I have continue looking at issue without kubernetes-nmstate and looks like "GET" operations for nodes is quite high, so I have take a look at daemonsets do something with nodes like bridge-marker So disabling bridge-marker (11:00 UTC 02/16/2021 ) the number of GET operations over nodes drops: https://snapshot.raintank.io/dashboard/snapshot/S0LGUWt3T53PetORZRkz0lhTKBVGG1r8 Although apiservers not affected that much. [kni@f08-h17-b01-5039ms ~]$ oc adm top pods -n openshift-kube-apiserver NAME CPU(cores) MEMORY(bytes) kube-apiserver-master-0 79m 2328Mi kube-apiserver-master-1 1062m 3154Mi kube-apiserver-master-2 2552m 3638Mi And same thing happends with ovs-cni since it's the analogue of bridge marker but for ovs bridges after removing it (11:30 UTC 02/16/2021 ) we have a drop on node GET operations: https://snapshot.raintank.io/dashboard/snapshot/kjEjlIE5nVD3HJAiB6NDmEgp9PMgGPLj But still not much difference on apiservers [kni@f08-h17-b01-5039ms ~]$ oc adm top pods -n openshift-kube-apiserver NAME CPU(cores) MEMORY(bytes) kube-apiserver-master-0 90m 2258Mi kube-apiserver-master-1 1169m 3147Mi kube-apiserver-master-2 2435m 3573Mi Network graphs for etcd cluster does not show much difference.
Checking what api request keeps in the top the next candidate is configmaps. After killing virt-handler we get a drop on GET configmaps https://snapshot.raintank.io/dashboard/snapshot/LQYwBEMfslWxlMovjIKpy3MDKiY8uh16 apiserver continues with the same load/memory [kni@f08-h17-b01-5039ms ~]$ oc adm top pods -n openshift-kube-apiserver NAME CPU(cores) MEMORY(bytes) kube-apiserver-master-0 109m 2342Mi kube-apiserver-master-1 1191m 3142Mi kube-apiserver-master-2 2179m 3575Mi
One thing to note is after CNV install the 99% API response size becomes very large. Do we know why? If there are requests that return a large amount of data now? This graph captures the increase in API server CPU usage after the install of CNV around 22:00 UTC. Theoretically if we uninstall CNV completely, the APi server usage should go back to previous levels, is that happening?
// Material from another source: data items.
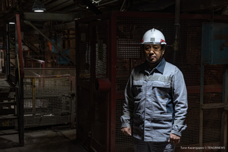 В главкорпусе фабрики нас встретил начальник цеха Нургали Есилбаев. Он работает здесь уже 30 лет.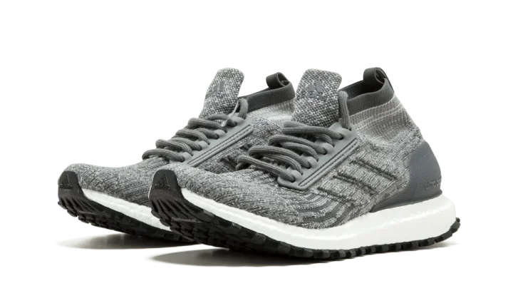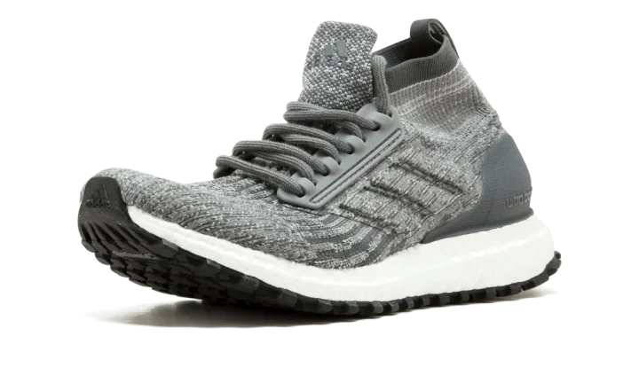 The adidas UltraBoost ATR Mid kid's shoe mimics the rugged adult version of the popular UltraBoost model from 2017. Built with a tougher all-terrain exterior and bulky Continental rubber sole, the shoe is also comprised of updated details, including a higher ankle collar, TPU Three Stripes underlays, and reinforced eyelets. A light and dark grey Primeknit upper wraps the foot, while the adidas UltraBoost ATR Mid gets its superior cushioning from the full-length Boost midsole.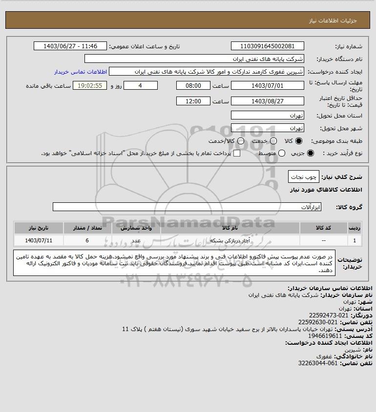 نام سازمان خریدار: شرکت پایانه های نفتی ایران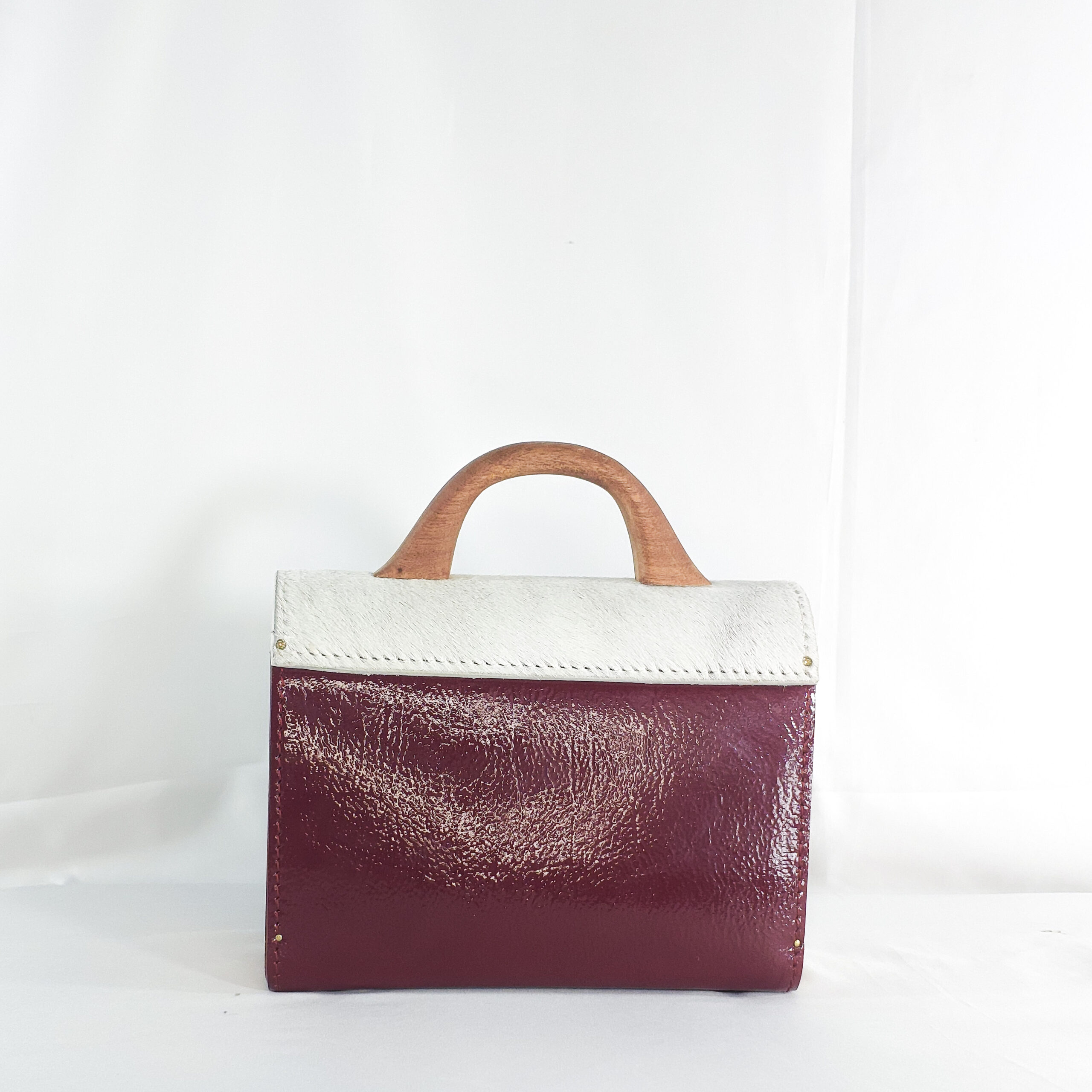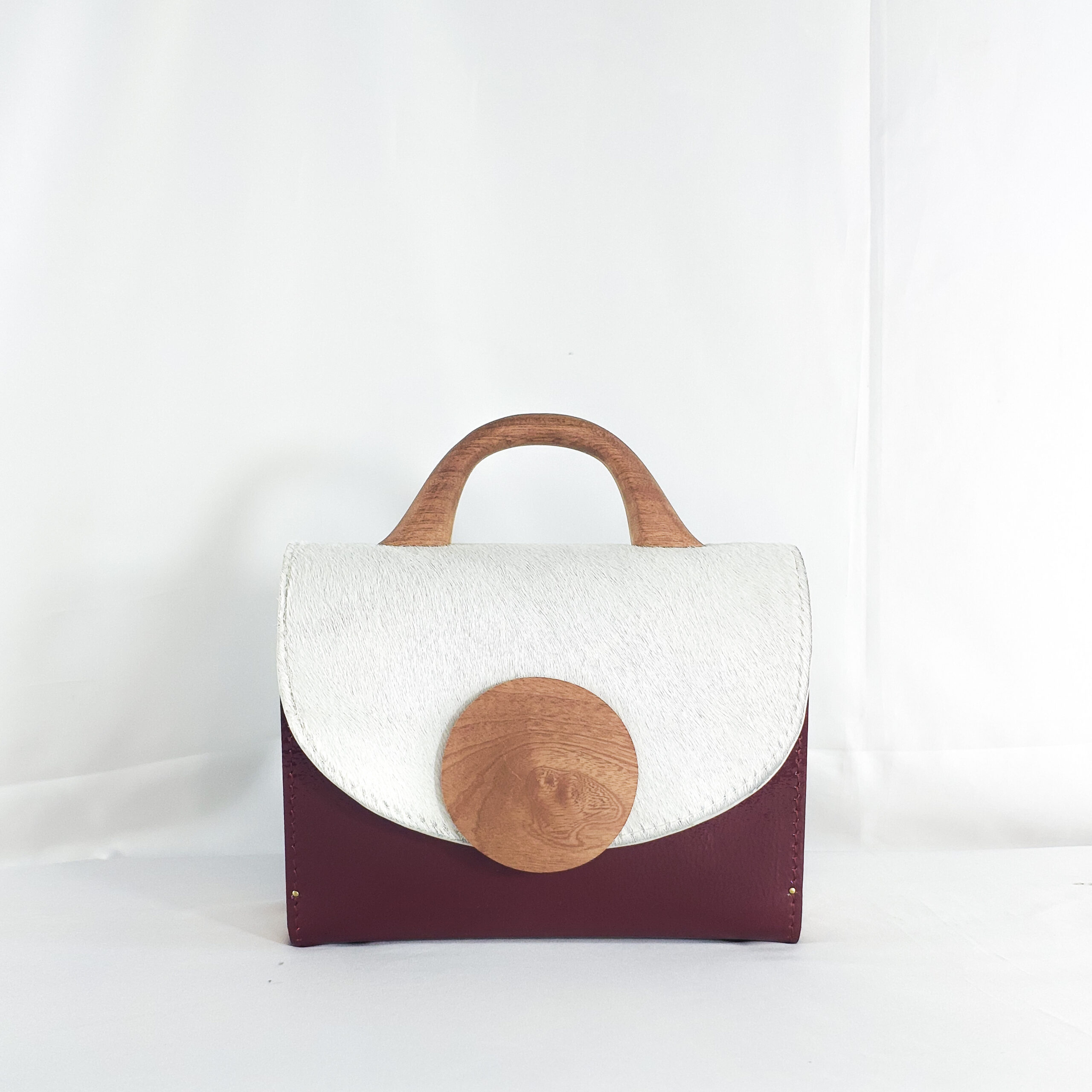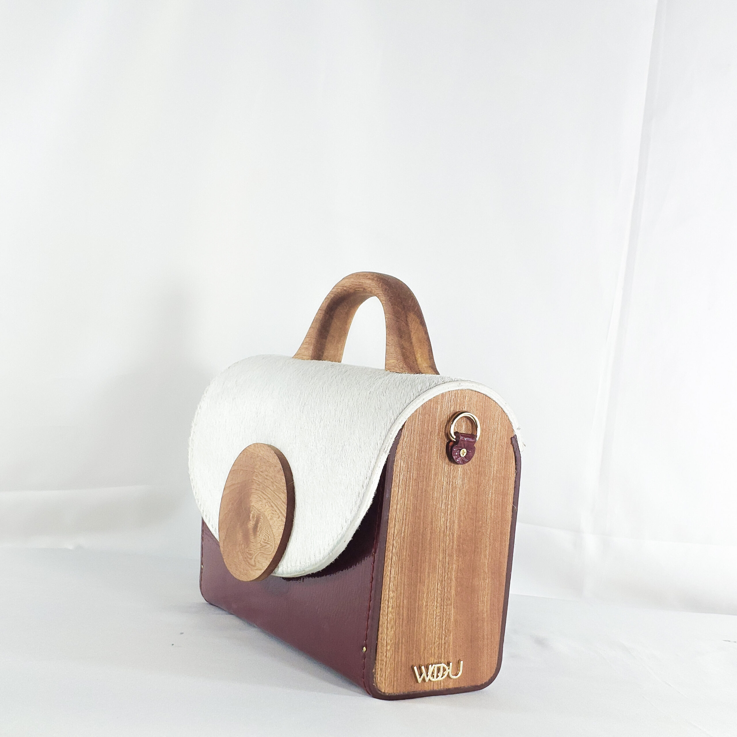 Elevated minimalism meets organic artistry in this WUD. U top handle bag. The design is thoughtfully layered with a tactile white hair-on-texture flap and a rich burgundy leather base, creating a contrast that’s both clean and captivating. A hand-carved wooden handle adds a natural sculptural element, while the bold circular wooden flap accent?smooth and richly grained?serves as the visual anchor. Not a clasp, but a statement of form and authenticity. This piece is perfect for those who embrace soft power and thoughtful style. Sustainably crafted with locally sourced materials, it’s a true reflection of WUD. U’s ethos: artful, ethical, and undeniably unique.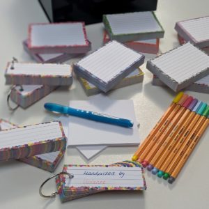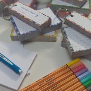 - De tabs steken ruim een centimeter boven de flashcards uit, zodat je voldoende ruimte hebt om op te schrijven.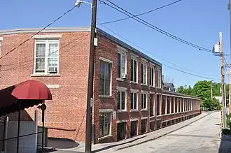 The mill was founded about 1813, producing fabric during the War of 1812. It closed in 1833, and was reopened under new ownership in 1838. At that time, it was enlarged and possibly rebuilt entirely. Its largest period of growth came after its acquisition in 1860 by Morse, Kaley & Company, who built its largest elements. The complex was sold to the American Thread Company in 1901, and sold in 1916. During World War I it produced fabric for lining military uniforms. It is one of the city's few surviving 19th-century industrial complexes.[2]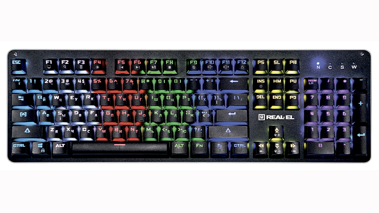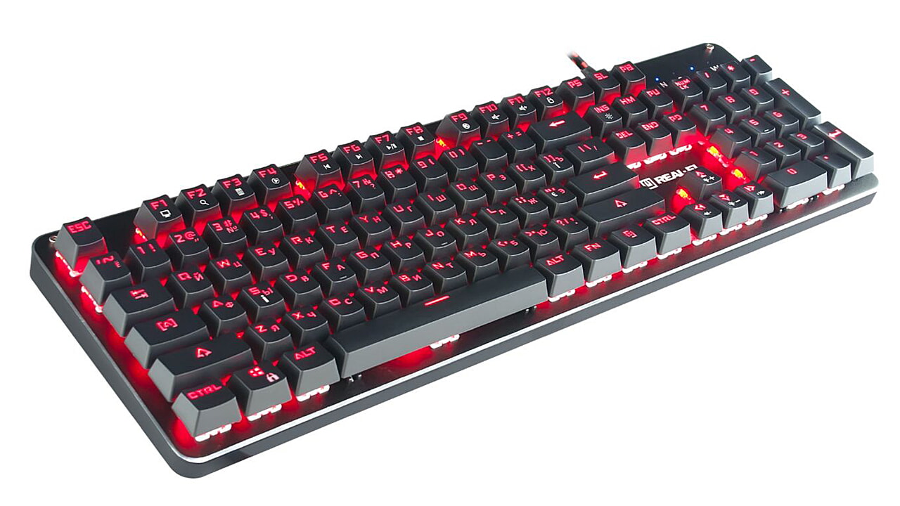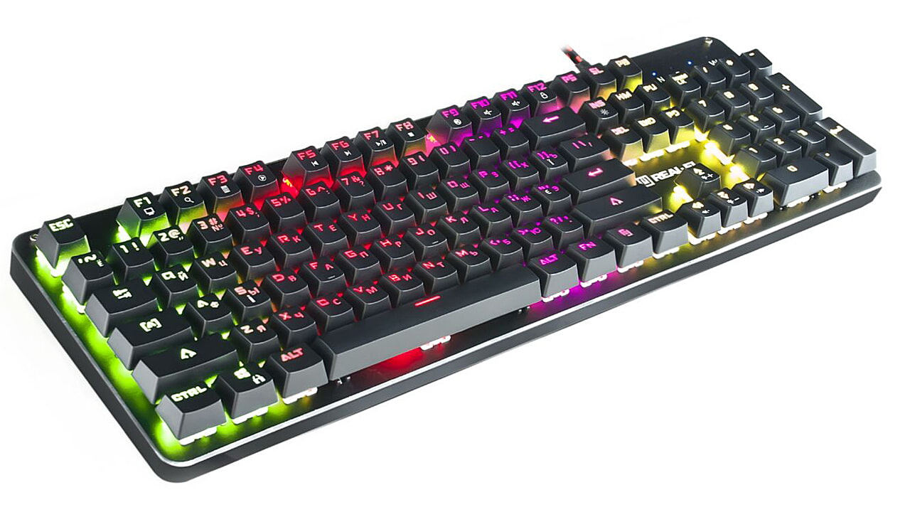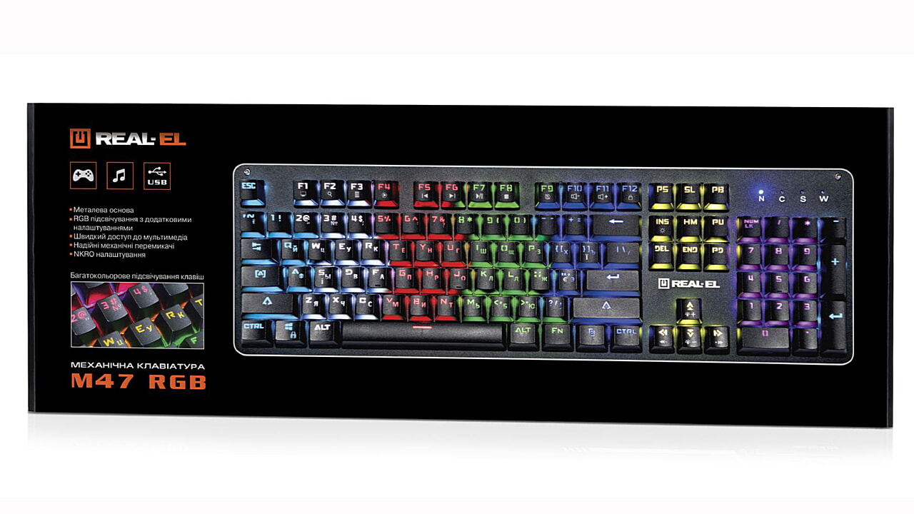 Metal base, RGB adjustable backlit, reliable mechanical switches, quick access to multimedia and NKRO settings are the features of the GAMING MECHANICAL KEYBOARD REAL-EL M47 RGB.

I also see that the response size does not change after disabling knmstate, it has to be something else. Let's start tackling what we know: - Try to check latest knmstate improvements either with CNV 2.6 or CNV 4.8 (I think this one is not ready yet) - Deploy kubernetes-nmstate PoC that refresh NNS from a Deployment instead of DaemonSet, so we don't faces the N^2 issue retrieving nodes. We have also to improve bridge-marker and ovs-cni so they don't retrieve Node so often, but this is not as impactful. The other little issue is that we have some configmaps GET either from virt-operator or virt-handler but we didn't found where.
I am going to try to deploy in top of the OCP we have the kubernetes-nmstate u/s version with the PoC so we have results earlier.
I have being able to deploy latest u/s kubernetes-nmstate with the latest fixed and implementing the PoC to refresh NNS from a deployment (Wed Feb 17 11:05:38 UTC 2021) Numbers looks better at top nmstate-handler-v4vq8 0m 24Mi nmstate-handler-w8ngq 12m 24Mi nmstate-handler-wl5pz 12m 24Mi nmstate-handler-wmv6g 0m 23Mi nmstate-handler-xgrnt 12m 24Mi nmstate-handler-z74g5 0m 26Mi nmstate-handler-zfvhx 12m 26Mi nmstate-handler-zpgr9 0m 24Mi nmstate-monitor-9489cd4f9-6dcfs 26m 225Mi nmstate-operator-665949d7cb-5k8wg 0m 31Mi nmstate-webhook-6548b4b9d9-jd5l8 0m 33Mi nmstate-webhook-6548b4b9d9-pp4kh 1m 69Mi Now the workers are doing less and all the load is at "nmstate-monitor" the 12m at "nmstate-handler" is related to "nmstate-monitor" calling "nmstatectl show" there The apiserver looks better too [kni@f08-h17-b01-5039ms knmstate]$ kubectl top pod -n openshift-kube-apiserver NAME CPU(cores) MEMORY(bytes) kube-apiserver-master-0 122m 1839Mi kube-apiserver-master-1 1335m 2778Mi kube-apiserver-master-2 2732m 3708Mi @smalleni Can you characterize the cluster with this installed ?
OK just checked on the cluster, it seems like nmstate-handler isn't running now. While definitely the nmstate-handler induced CPU/network business is solved, having a CNV install on the cluster still seems to add some load on the API server. While not so pronounced on the 100 node cluster, this might cause problems on larger clusters. We also need to define what % of increase in API server load is acceptabled with CNV.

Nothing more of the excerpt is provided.